I read many of the short stories in Donna Besel’s Lessons From A Nude Man while sitting on the deck of a guest cottage on a friend’s property at Jessica Lake. I was surrounded by the trees of the boreal forest and that was most appropriate. Joan Thomas who wrote one of the endorsements for Lessons From a Nude Man says Donna Besel has an intimate knowledge of the boreal forest and those who live on its edges.
The first story and the one for which the book is named is about Chris, a man scouting around for a nudist-friendly place for a group of friends who want to spend some time together. He visits a property owned by a widow that might be a potential site. Chris takes off his clothes just to get a ‘feel’ for the place and it releases a myriad of feelings in the widow.
Fare Well is one story in the book that has haunted me since I read it. It introduces the reader to an incredibly dysfunctional family poisoned by a misogynistic and angry father. We view the family’s life starkly and tragically through the eyes of a fourteen-year-old girl named Gina.

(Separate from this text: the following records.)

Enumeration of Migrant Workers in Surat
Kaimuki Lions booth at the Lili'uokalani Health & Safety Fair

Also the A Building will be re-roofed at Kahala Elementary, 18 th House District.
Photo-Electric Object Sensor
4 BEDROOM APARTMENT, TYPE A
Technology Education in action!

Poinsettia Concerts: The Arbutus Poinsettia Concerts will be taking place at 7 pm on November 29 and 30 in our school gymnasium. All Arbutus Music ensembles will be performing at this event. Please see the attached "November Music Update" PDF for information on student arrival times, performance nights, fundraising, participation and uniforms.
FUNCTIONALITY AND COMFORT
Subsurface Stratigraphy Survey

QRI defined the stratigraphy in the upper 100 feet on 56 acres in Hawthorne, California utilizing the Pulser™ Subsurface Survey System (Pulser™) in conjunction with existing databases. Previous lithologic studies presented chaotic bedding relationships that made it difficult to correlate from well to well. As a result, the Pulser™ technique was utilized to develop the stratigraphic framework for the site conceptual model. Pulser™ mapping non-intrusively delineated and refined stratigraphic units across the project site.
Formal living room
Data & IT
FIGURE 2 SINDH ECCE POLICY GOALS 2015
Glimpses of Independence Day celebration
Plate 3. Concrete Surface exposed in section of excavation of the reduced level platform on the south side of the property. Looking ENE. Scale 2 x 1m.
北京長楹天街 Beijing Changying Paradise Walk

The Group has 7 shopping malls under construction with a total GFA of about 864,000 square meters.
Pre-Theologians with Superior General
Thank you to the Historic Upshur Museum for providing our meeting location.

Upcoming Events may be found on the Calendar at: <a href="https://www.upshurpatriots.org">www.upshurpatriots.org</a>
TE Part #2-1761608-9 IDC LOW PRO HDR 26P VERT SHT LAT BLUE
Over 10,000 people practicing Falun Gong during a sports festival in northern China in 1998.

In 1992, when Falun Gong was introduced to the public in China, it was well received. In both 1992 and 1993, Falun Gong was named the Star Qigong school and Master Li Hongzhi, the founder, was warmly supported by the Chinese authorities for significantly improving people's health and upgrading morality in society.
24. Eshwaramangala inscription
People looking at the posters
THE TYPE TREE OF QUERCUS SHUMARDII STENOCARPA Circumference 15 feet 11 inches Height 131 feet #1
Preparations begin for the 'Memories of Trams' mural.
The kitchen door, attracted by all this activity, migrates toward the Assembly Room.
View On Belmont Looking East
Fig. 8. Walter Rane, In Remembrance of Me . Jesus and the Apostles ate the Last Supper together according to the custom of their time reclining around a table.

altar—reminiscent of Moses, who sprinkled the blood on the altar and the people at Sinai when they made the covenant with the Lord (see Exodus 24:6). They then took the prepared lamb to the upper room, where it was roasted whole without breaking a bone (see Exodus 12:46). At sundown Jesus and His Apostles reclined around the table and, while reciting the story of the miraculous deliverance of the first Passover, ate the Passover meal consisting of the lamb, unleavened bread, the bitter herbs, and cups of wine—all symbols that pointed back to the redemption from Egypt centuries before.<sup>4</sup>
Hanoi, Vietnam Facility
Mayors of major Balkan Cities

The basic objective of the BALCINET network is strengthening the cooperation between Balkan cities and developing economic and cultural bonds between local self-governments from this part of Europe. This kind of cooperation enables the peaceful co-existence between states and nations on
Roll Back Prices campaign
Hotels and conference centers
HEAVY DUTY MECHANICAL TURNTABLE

I thoroughly enjoyed the story Hawksley Workman and the Worst Motel in Canada. Songs by Hawksley Workman play an important role in Besel’s account of a memorable family road trip. My favourite Hawksley Workman song is Safe and Sound and I think the lyrics would have been perfect for a story about a road trip. I admit I was just a little disappointed it wasn’t one of the songs included.
I wasn’t that fond of the three young people who do a renovation project on a boathouse in the story Sam, Lump and the Boathouse Reno. Jacob and Esther the wealthy Mennonite couple who own the boathouse were more intriguing and likeable characters for me, and I actually wished they had played a bigger role.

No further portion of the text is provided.